The advantages and disadvantages of MiRKAT are similar to that of its multivariate extension discussed above. Briefly, advantages include the ability to adjust for covariates and to handle small sample sizes. Disadvantages include that the method cannot pinpoint which microbes are driving the associations, sensitivity to pseudocounts, and the choice of dissimilarity measure. The method works best for normally distributed outcomes with little to no dropout.


Hierarchical all-against-all (HAllA) is a block-wise association testing framework for high-dimensional heterogeneous multiomics data (Ghazi et al., 2022). The method serves as an alternative to classical all-against-all, or feature-wise, association testing. Such methods typically suffer from reduced power and lack of rigorous false discovery rate (FDR) control, due to the large number of correlated tests, many of which may have only weak signal. HAllA aims to mitigate these difficulties seen in all-against-all testing procedures by building a tree of tests defined by performing average-linkage hierarchical clustering of each of the omics data sets. Testing begins at the ‘top’ of the tree (highest cut) and progresses downward. Blocks are defined by sub-trees in hierarchical clustering and can be viewed as a set of correlated tests. The HAllA is able to algorithm output p-values for significant clusters of features between the two modalities, as well as p-values from all pairwise tests. These results can be visualized in a heatmap coined a ‘HAllAgram’. Features in the heatmap are ordered based upon their hierarchical clustering results and boxes denote significant clusters or sub-trees.

We apply HAllA to the microbial counts and normalized metabolite concentrations of the DINE-CD study and find, after FDR control at the 5% level, a total of 2355 significant association and 1121 significant clusters at screening (Supplementary file 2). These increase to 5242 significant associations and 1649 significant clusters at 6 weeks (Supplementary file 2). Since the underlying correlations estimated in HAllA are the same as those discussed in the Pairwise correlation section its advantages and disadvantages are similar. The primary advantage of HAllA over all-against-all testing is its hierarchical nature, which increases the power of detecting true associations. Another advantage is that we implemented HAllA using its easy to use web browser application that requires no knowledge of Python, the programming language that HAllA is built upon.

Regression methods

Regression techniques are often advantageous over simple correlations as they are able to adjust for confounding variables. This is important when integrating omics data, as it is known that demographic and clinical factors can confound the relationship between molecular biomarkers. These methods are diverse in the relationships they estimate. Some treat the microbiome as the predictor (cause), others assume that it is the outcome (effect) of interest. There are univariate models that only look at pairs of features one at a time, as well as multivariate and multivariable models that use the entire microbial composition. Below, we discuss several commonly used models in more detail.

Generalized linear models

Generalized linear models (GLMs) are a natural extension from pairwise correlations to determine the association between pairs of omics features across modalities. These models are typically fit for all possible pairs and the regression coefficient of the main predictor gives an estimate of the association between the feature pair. GLMs provide greater flexibility in modeling omics data, and the associations within, due to ability to choose the distribution of outcome Yp and its corresponding link function g(). Common distributional choices for omics data are the Poisson distribution of counts, beta distribution of proportions, negative binomial distribution of overdispersed data, and Gaussian distribution of transformed data. Another advantage is that these models can adjust for confounding variables that may distort the relationship between the feature pair. Confounders may be demographic of clinical variables, such as age or BMI, or other omics features outside the pair of interest. Such distortions cannot be picked up by simple correlations which only estimate marginal associations.
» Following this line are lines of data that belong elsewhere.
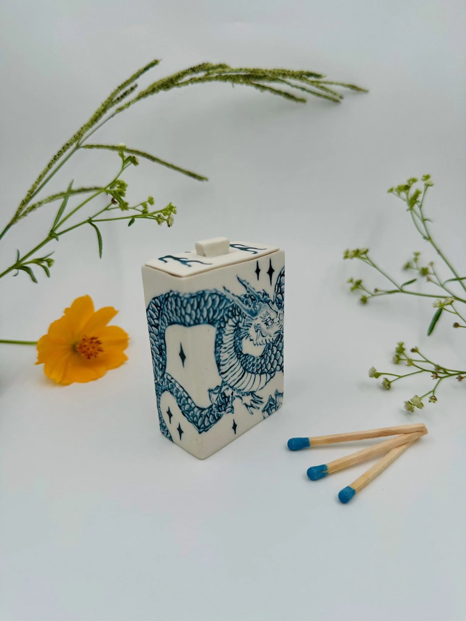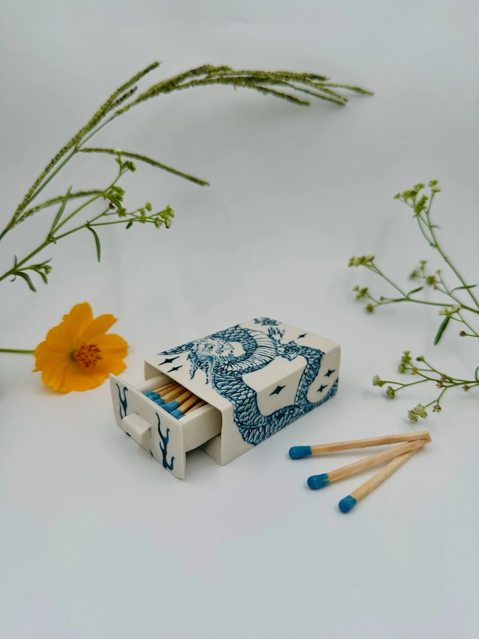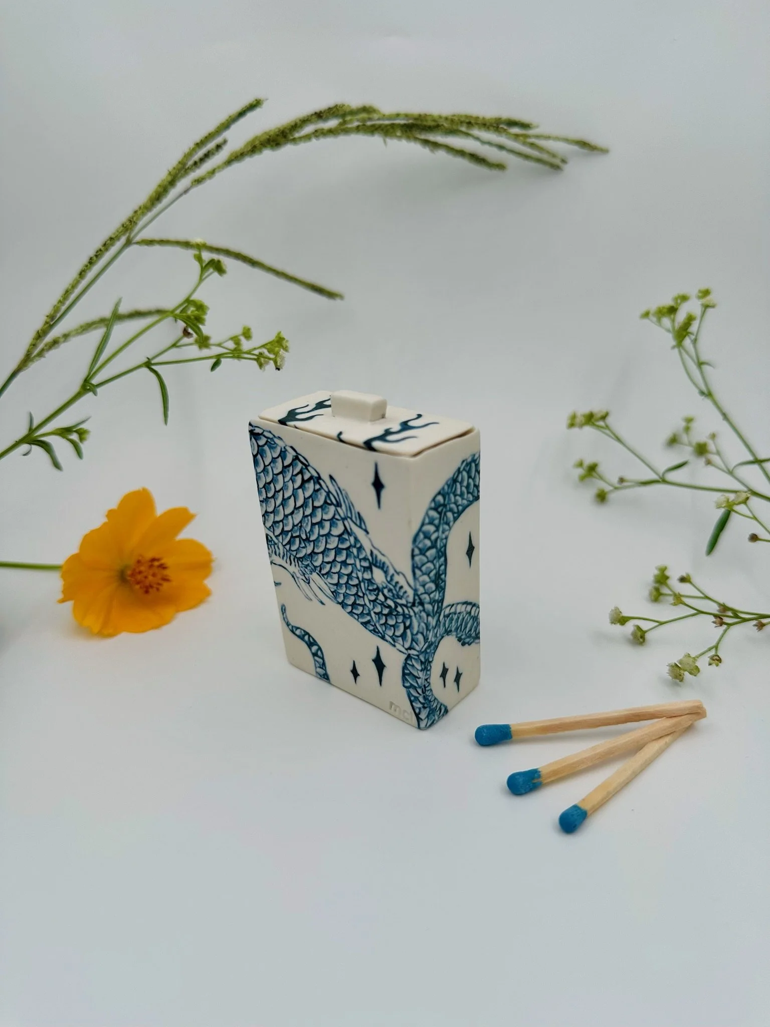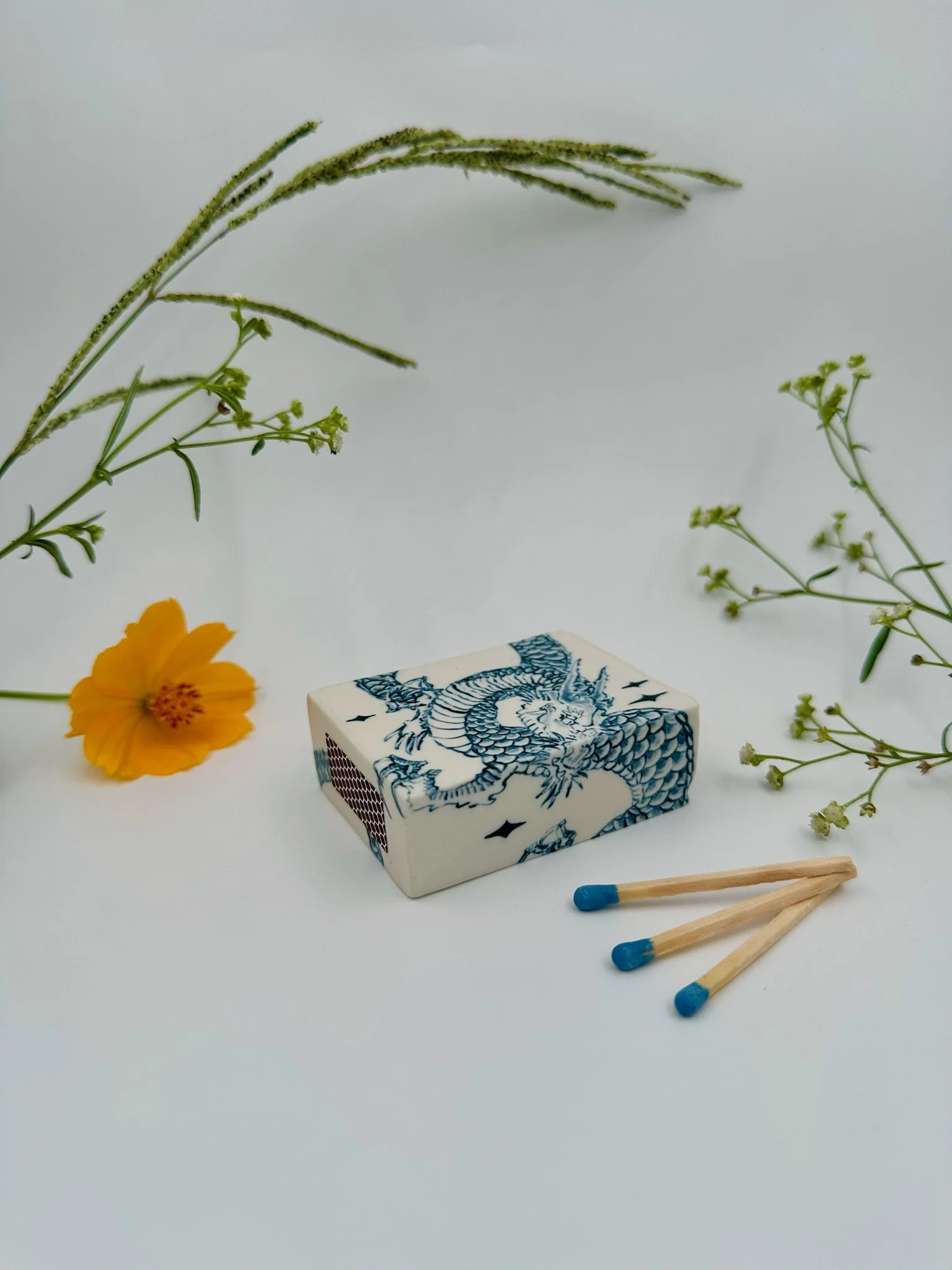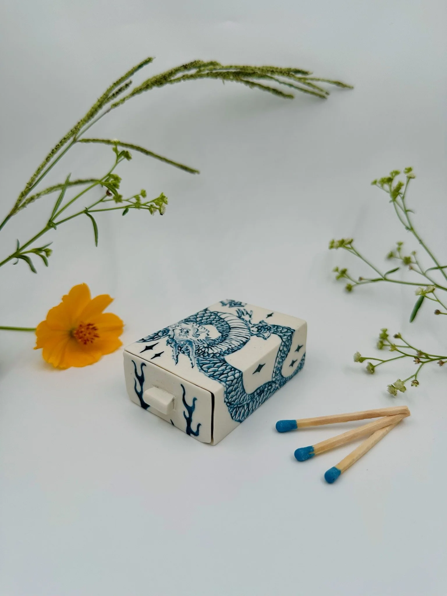 Please note that each matchbox is handmade, and therefore may contain small cracks or imperfections. This is part of what makes them one-of-a-kind.
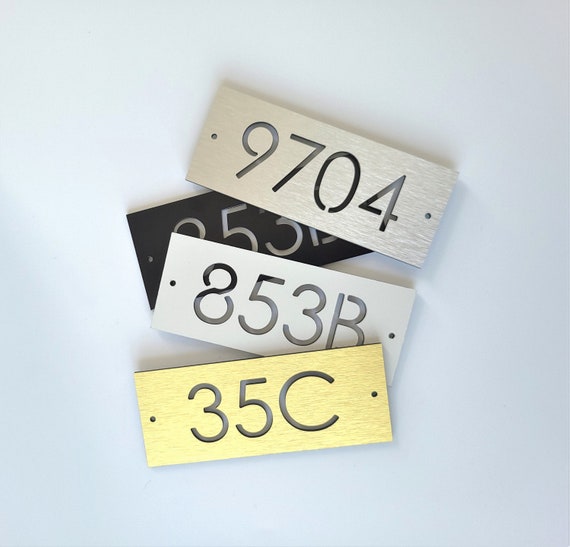 White apartment number signs. Hotel room numbers. Personalized address plaques. Interior door numbers. Office and exam room signage.
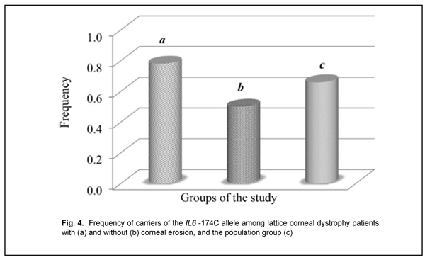 Among the group of patients with corneal erosions, we found 9 individuals (0.18) who were homozygous for the –174C allele that had been shown to be associated with a decreased production of IL6. The heterozygous -174GC genotype was a major genotype (0.600) both in the group and the population sample under study. A deviation from Hardy–Weinberg equilibrium, evaluated by comparing observed and expected genotype frequencies with an exact goodness of fit test, was observed in the patients with recurrent corneal erosion associated with LCD for this polymorphic variant (?2=4.08; р=0.04). Distribution of allele frequencies for the polymorphic variant was characterized based on the distribution of genotype frequencies among study patients and two control groups. The frequency of the carriers of the IL6 -174C allele was 0.780 in the corneal erosion group compared to 0.659 in the control population sample (p < 0.05) (Fig. 4) and 0.500 in the no-erosion control group; the difference for the latter group, however, did not reach statistical significance (p > 0.05), likely due to small group size.
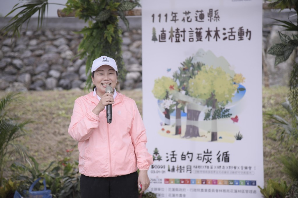 縣長徐榛蔚致詞提到,花蓮縣政府持續朝著聯合國17項永續指標以及淨零碳排的目標邁進,這幾年不斷的種樹,讓我們能顧碳更能夠減碳,花蓮縣綠覆蓋率逐年增長,感謝每一年合作無間的林管處以及行政院東部聯合服務中心前來共襄盛舉,還有花蓮縣議會議員們的支持,並肯定花蓮市農會對此次的活動全力策劃,最後呼籲大家共同珍惜每一寸土地。
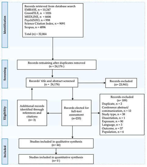 The PRISMA-P flowchart in Figure 1 shows the process of identification, screening and inclusion of studies. The search yielded 24,176 studies after removal of duplicates (Figure 1). Of these, 23,941 were excluded during the title and abstract screening stage, leaving 233 studies for full-text assessment. One hundred and eighty-nine full-text records were excluded during that stage, leaving 44 studies for the qualitative narrative synthesis. Just under half (n = 90, 47.6%) of the excluded studies in the full-text screening stage did not include a green or blue space exposure, while another 38 (20.1%) studies did not have an observational longitudinal study design. A further 37 (19.6%) studies were excluded based on outcome, which either did not fit the definition of an NCD (n = 22), measured mortality (n = 3), did not use a validated instrument (n = 4), examined acute and/or infectious diseases (n = 7), or did not include a health condition (n = 1). Six studies were excluded because of the population type (all children) and 13 because of the publication type (one dissertation and twelve conference papers). Two records were also excluded because they were duplicates (See Supplementary Material S4).
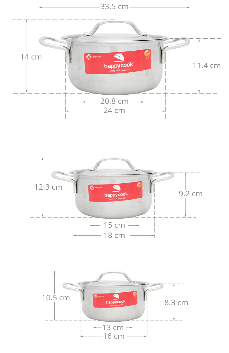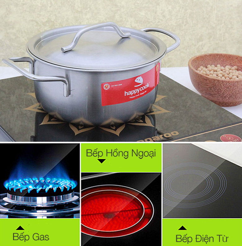 Bộ 3 nồi inox Happycook sử dụng được trên bếp từ, bếp hồng ngoại, bếp gas.
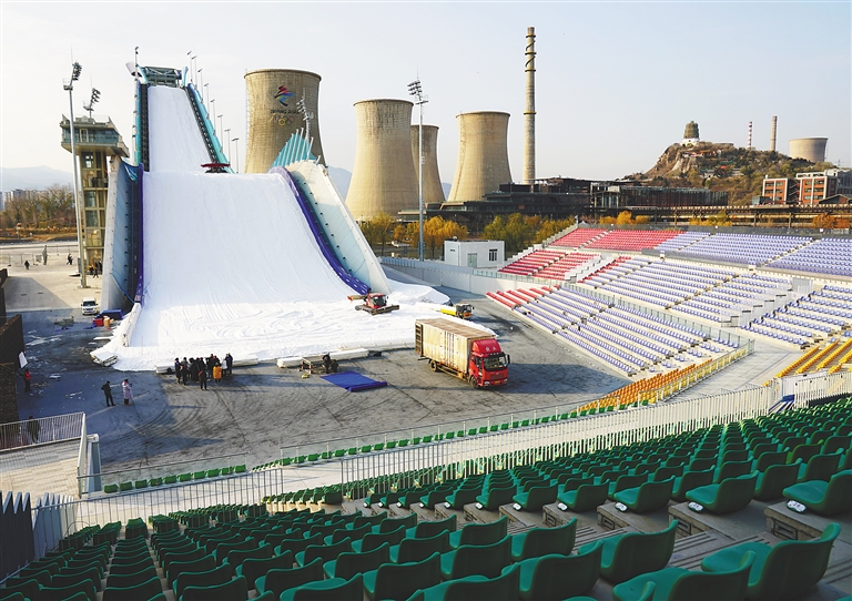 这是11月25日拍摄的首钢滑雪大跳台。

We fit linear models to our DINE-CD study data, regressing metabolite concentrations (after log-transformation), the outcome, on microbial relative abundances, the predictor variable, as well as prior intestinal surgery status (yes/no), which is treated as a confounder. A linear regression model is a special case of a GLM with an identity link function. We fit these models for all feature pairs, totaling 85,875 and 85,800 at baseline and 6 weeks, respectively (Supplementary file 3). We adjust for multiple comparisons using the BY procedure. A metabolite-microbe association is deemed significant if its BY-corrected p-value is less than 0.05. We find that there are 63 significant associations at baseline and only one significant association at 6 weeks. At baseline, there are 36 unique microbes and 10 unique metabolites making up these associations. These have overlap with metabolite(s) identified from MOFA and MiRKAT, including cholic acid, allolithocholic acid, and stool butyrate. At 6 weeks, the sole significant pairs is made up of stool formate and Turicibacter.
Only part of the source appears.